> _Material for this task_
★ ★ ★

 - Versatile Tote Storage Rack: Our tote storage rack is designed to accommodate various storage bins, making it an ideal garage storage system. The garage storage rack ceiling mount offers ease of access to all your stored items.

★ ★ ★

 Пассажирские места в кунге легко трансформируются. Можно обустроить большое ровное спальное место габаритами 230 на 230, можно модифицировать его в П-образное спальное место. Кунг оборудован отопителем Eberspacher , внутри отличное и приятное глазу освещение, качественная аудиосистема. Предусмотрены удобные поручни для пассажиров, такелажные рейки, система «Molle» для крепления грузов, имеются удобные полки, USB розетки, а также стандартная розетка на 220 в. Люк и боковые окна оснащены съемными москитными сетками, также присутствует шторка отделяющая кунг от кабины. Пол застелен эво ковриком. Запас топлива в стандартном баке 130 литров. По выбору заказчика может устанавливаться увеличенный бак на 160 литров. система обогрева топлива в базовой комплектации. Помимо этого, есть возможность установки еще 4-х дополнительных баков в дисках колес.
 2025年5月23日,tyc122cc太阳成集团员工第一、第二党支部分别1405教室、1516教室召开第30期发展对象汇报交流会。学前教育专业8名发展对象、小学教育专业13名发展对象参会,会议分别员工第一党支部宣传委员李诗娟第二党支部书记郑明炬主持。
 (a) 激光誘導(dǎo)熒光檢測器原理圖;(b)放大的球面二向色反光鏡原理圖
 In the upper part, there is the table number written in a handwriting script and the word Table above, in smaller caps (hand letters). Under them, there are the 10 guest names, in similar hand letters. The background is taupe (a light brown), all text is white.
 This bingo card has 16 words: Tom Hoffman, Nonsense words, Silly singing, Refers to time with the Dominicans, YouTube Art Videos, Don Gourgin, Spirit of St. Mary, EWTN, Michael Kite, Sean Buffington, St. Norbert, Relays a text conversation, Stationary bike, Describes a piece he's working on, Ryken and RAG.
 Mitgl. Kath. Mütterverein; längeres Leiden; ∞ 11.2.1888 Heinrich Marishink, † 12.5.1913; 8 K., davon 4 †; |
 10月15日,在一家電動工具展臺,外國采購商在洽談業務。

★ ★ ★

> _Exercise description_
Take the lines above from the one containing "(a) 激光誘導(dǎo)熒光檢測器原理圖;(b)放大的球面二向色反光鏡原理圖" down to the one containing "In the upper", and transcribe them exactly, both ends included.

> _Exercise response_
 (a) 激光誘導(dǎo)熒光檢測器原理圖;(b)放大的球面二向色反光鏡原理圖
 In the upper part, there is the table number written in a handwriting script and the word Table above, in smaller caps (hand letters). Under them, there are the 10 guest names, in similar hand letters. The background is taupe (a light brown), all text is white.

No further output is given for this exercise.